Hoping to further destabilise the Islamic State group following its leader's death, US officials have turned their focus to an architect of the insurgents' bloody revival in Afghanistan since losing their "caliphate" in Syria.
Sanaullah Ghafari, also known as Shahab al-Muhajir, has led the Islamic State-Khorosan (IS-K) branch since June 2020, overseeing cells charged with carrying out terror attacks, establishing ties with local leaders and raising funds.
Most recently he is thought to have organised a deadly assault on the Kabul airport last August as US troops staged a chaotic pullout after years of counterinsurgency efforts.
The US exit allowed a return to power of the Taliban, whom the even more hardline Islamic State accuses of failing to strictly apply Shariah law.
In recent years IS-K -- the name refers to a region encompassing swaths of Pakistan, Iran, Afghanistan and Central Asia -- has carried out dozens of deadly attacks under Ghafari's guidance.
"Ghafari is responsible for approving all (IS-K) operations throughout Afghanistan and arranging funding to conduct operations," the US State Department said this week in offering a $10 million reward for helping to find him.
The bounty was announced after US President Joe Biden said last week that IS leader Abu Ibrahim al-Hashimi al-Qurashi blew himself up during an American raid on his hideout in Syria, in a major blow to the group.
Little is known about Ghafari, thought to be born in 1994, reportedly in Afghanistan or Iraq, according to experts at the CounterExtremism Project.
An IS statement called him "an experienced military leader... one of the 'urban lions' of (IS-K) in Kabul who assisted in planning and carrying out guerrilla operations along with suicide and complex attacks," the New York-based CEP said in a recent report.
- Growing ambitions -
Ghafari's network has proven its capacity for deadly efficiency, targeting civilians at mosques, shrines, public squares and even hospitals.
The group claimed responsibility for 340 attacks last year after a "trough" in 2020, according to the Switzerland-based Jihad Analytics (JA), which focuses on the online communications and on-the-ground operations of extremist groups.
"In 2021, it recovered and succeeded in carrying out bloody attacks across a wider territory after the return of the Taliban," JA's founder Damien Ferre told AFP.
Besides the Kabul airport assault that left 185 people dead including 13 American soldiers, Ghafari is also believed to have orchestrated the sophisticated siege of the Jalalabad prison in Afghanistan in August 2020, which freed hundreds of IS fighters.
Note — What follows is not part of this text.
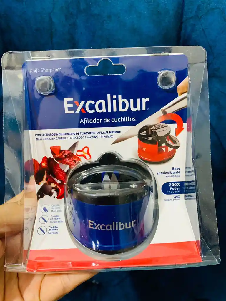 AFILADOR DE CUCHILLOS EXCALIBUR Con este afilador podrás mantener todos tus cuchillos bien afilados en cuestión de segundos, es fácil de usar y viene con un PAD para que se quede pegado en cualquier superficie plana mientras afilas tus cuchillos. POLITICA DE GARANTIA: PEDIDO INCOMPLETO: 10 DIAS por motivos de revisión del producto, donde se evidencie que la orden no se envió completa. MAL FUNCIONAMIENTO: 10 DIAS DE GATANTIA POR DAÑOS DE FUNCIONAMIENTO, NO INCLUYE INCONVENIENTES PRESENTADOS POR GOLPES O PROBLEMAS CON EL DISPOSITIVO PROVENIENTES DE UN MAL USO DEL MISMO. PEDIDO ROTO: 10 DIAS DE GATANTIA POR LLEGADA DEL PEDIDO ROTO O EN MAL ESTADO, NO INCLUYE INCONVENIENTES PRESENTADOS POR GOLPES O PROBLEMAS CON EL DISPOSITIVO PROVENIENTES DE UN MAL USO DEL MISMO. PEDIDO DIFERENTE: 10 DIAS DE GARANTIA, POR MOTIVOS DONDE SE EVIDENCIE QUE AL CLIENTE FINAL LE LLEGA UN PRODUCTO TOTALMENTE DIFERENTE AL QUE ESTÁ PUBLICADO Y/O AL QUE HA PEDIDO, TODA VEZ QUE SE HAYA HECHO UN ERROR HUMANO POR PARTE DEL PROVEEDOR Y NO PORQUE EL CLIENTE INDIQUE QUE PENSABA QUE EL PRODUCTO ERA DIFERENTE.

"His goal has been to guide the organisation out of this period of relative decline first by doubling down on sectarian attacks against vulnerable minorities and then by launching a revitalised war against the Afghan Taliban," analysts Amira Jadoon and Andrew Mines wrote in a report published by War on the Rocks, a US-based military affairs website.
At the same time, Ghafari has urged his lieutenants to provide welfare and other social services, bolstering his image as a capable leader.
"IS-K will be able to further undermine the Taliban's position of power by engaging in inter-tribal diplomacy and winning over the local population that is disgruntled with a Taliban government," according to Asif Fuard, a security researcher at the General Sir John Kotelawala Defence University in Sri Lanka.
Ghafari is also reported to be looking to extend beyond Afghanistan, according to the CEP, enjoying close ties with IS's top leaders.
He has been named chief of its Al-Sadiq branch, which covers Afghanistan, Pakistan and Central Asian states as well as Bangladesh, India, Sri Lanka and the Maldives.
His momentum could attract additional IS recruits from around the world, bolstering IS-K numbers currently estimated at some 4,000 fighters, according to a United Nations experts panel.
"The high-profile suicide terror attacks of the IS-K... and the Taliban's failure to maintain control of their borders could turn Afghanistan into another hot spot for ISIS's followers from the Middle East, South and Central Asia," Uran Botobekov, an expert on jihadism, wrote in a recent report for the Modern Diplomacy website.